• Exercise aim
The listing below should be printed again word for word, without any images.

• Given material
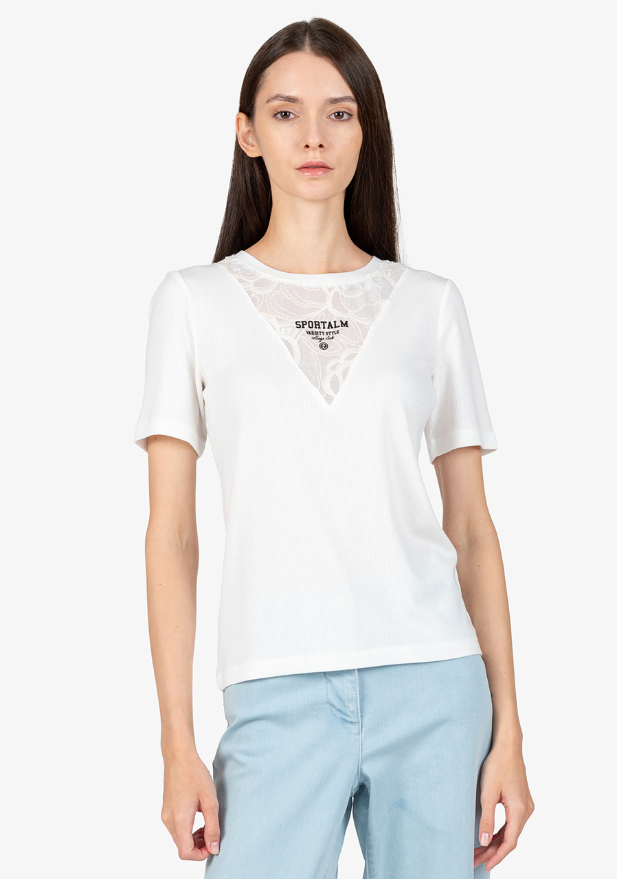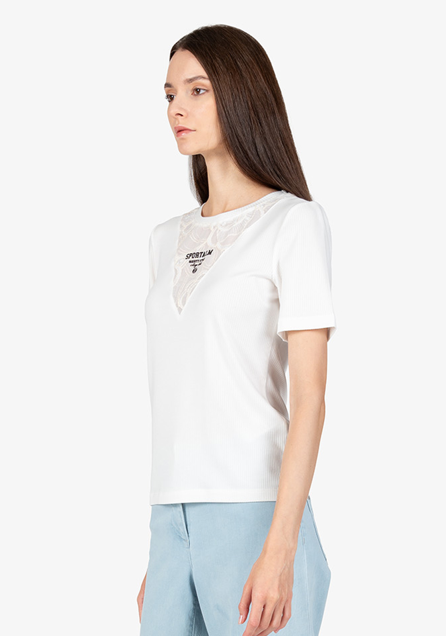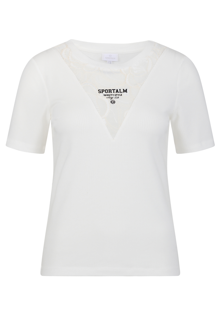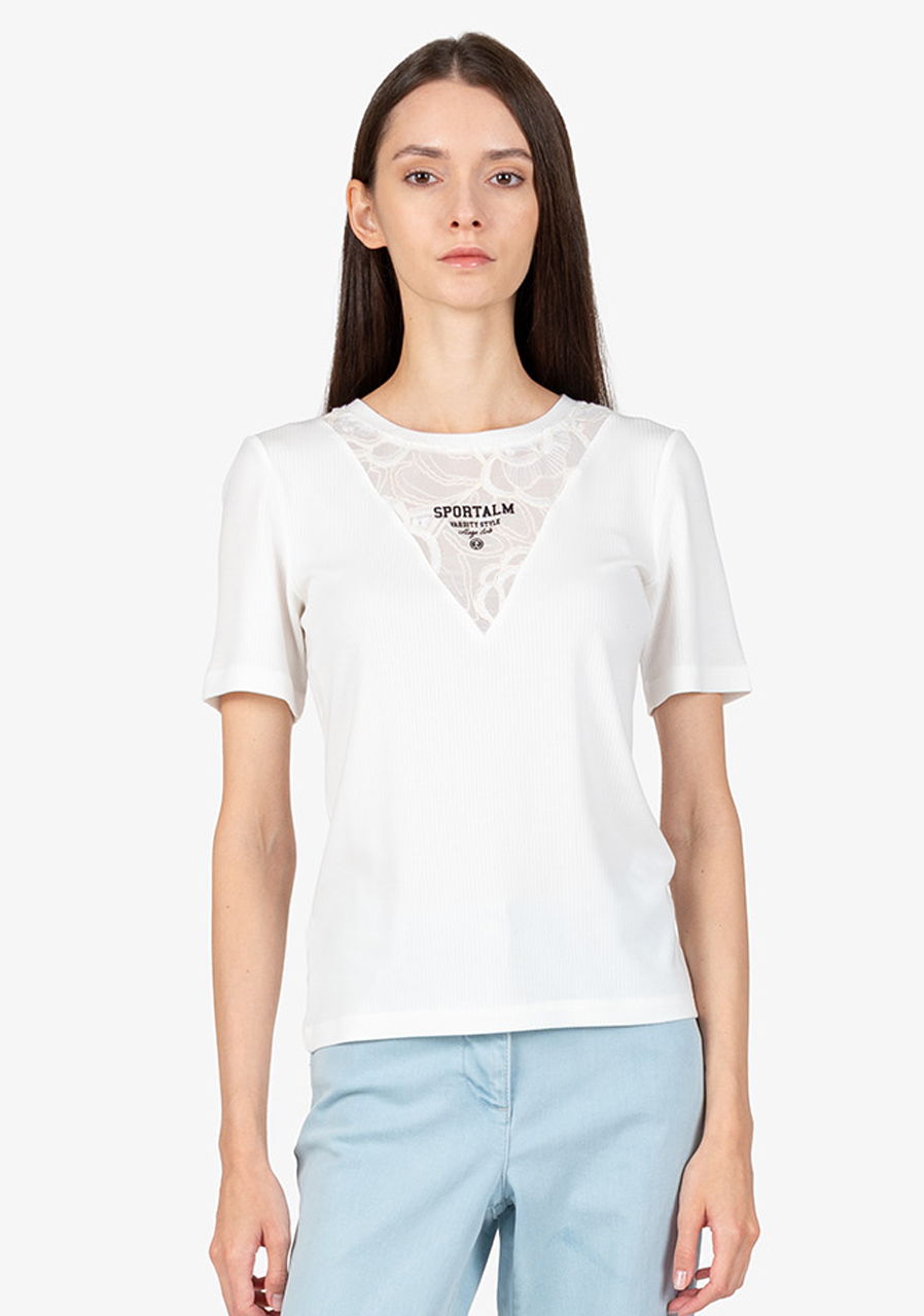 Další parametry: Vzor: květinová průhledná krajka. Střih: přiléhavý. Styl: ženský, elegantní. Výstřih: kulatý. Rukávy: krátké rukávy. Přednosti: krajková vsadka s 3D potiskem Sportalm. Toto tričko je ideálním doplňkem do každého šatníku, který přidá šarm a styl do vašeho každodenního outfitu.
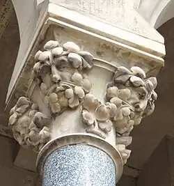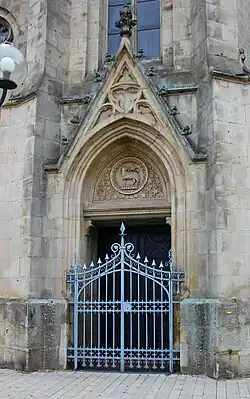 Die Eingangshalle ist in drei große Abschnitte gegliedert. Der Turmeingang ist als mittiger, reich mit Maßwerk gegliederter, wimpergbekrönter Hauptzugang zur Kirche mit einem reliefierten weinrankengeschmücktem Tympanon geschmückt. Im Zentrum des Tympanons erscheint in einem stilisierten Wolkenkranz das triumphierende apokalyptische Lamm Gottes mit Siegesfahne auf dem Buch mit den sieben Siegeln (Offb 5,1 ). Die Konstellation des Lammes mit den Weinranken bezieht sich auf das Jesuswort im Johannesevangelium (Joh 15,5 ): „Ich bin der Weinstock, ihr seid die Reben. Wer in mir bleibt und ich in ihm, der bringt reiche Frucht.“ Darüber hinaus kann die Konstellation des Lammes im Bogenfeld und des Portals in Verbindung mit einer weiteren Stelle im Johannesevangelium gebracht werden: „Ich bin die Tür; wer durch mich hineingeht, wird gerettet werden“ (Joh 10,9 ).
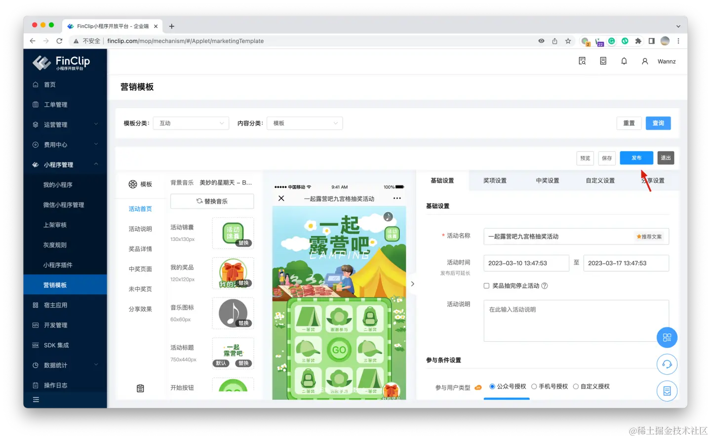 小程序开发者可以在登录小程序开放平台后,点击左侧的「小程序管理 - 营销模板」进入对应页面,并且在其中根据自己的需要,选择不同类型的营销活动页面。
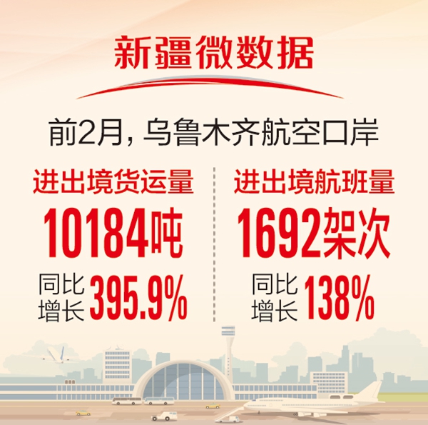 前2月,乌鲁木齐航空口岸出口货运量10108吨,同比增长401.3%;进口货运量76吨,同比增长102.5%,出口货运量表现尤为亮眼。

• Task solution
 Další parametry: Vzor: květinová průhledná krajka. Střih: přiléhavý. Styl: ženský, elegantní. Výstřih: kulatý. Rukávy: krátké rukávy. Přednosti: krajková vsadka s 3D potiskem Sportalm. Toto tričko je ideálním doplňkem do každého šatníku, který přidá šarm a styl do vašeho každodenního outfitu.
 Die Eingangshalle ist in drei große Abschnitte gegliedert. Der Turmeingang ist als mittiger, reich mit Maßwerk gegliederter, wimpergbekrönter Hauptzugang zur Kirche mit einem reliefierten weinrankengeschmücktem Tympanon geschmückt. Im Zentrum des Tympanons erscheint in einem stilisierten Wolkenkranz das triumphierende apokalyptische Lamm Gottes mit Siegesfahne auf dem Buch mit den sieben Siegeln (Offb 5,1 ). Die Konstellation des Lammes mit den Weinranken bezieht sich auf das Jesuswort im Johannesevangelium (Joh 15,5 ): „Ich bin der Weinstock, ihr seid die Reben. Wer in mir bleibt und ich in ihm, der bringt reiche Frucht.“ Darüber hinaus kann die Konstellation des Lammes im Bogenfeld und des Portals in Verbindung mit einer weiteren Stelle im Johannesevangelium gebracht werden: „Ich bin die Tür; wer durch mich hineingeht, wird gerettet werden“ (Joh 10,9 ).
 小程序开发者可以在登录小程序开放平台后,点击左侧的「小程序管理 - 营销模板」进入对应页面,并且在其中根据自己的需要,选择不同类型的营销活动页面。
 前2月,乌鲁木齐航空口岸出口货运量10108吨,同比增长401.3%;进口货运量76吨,同比增长102.5%,出口货运量表现尤为亮眼。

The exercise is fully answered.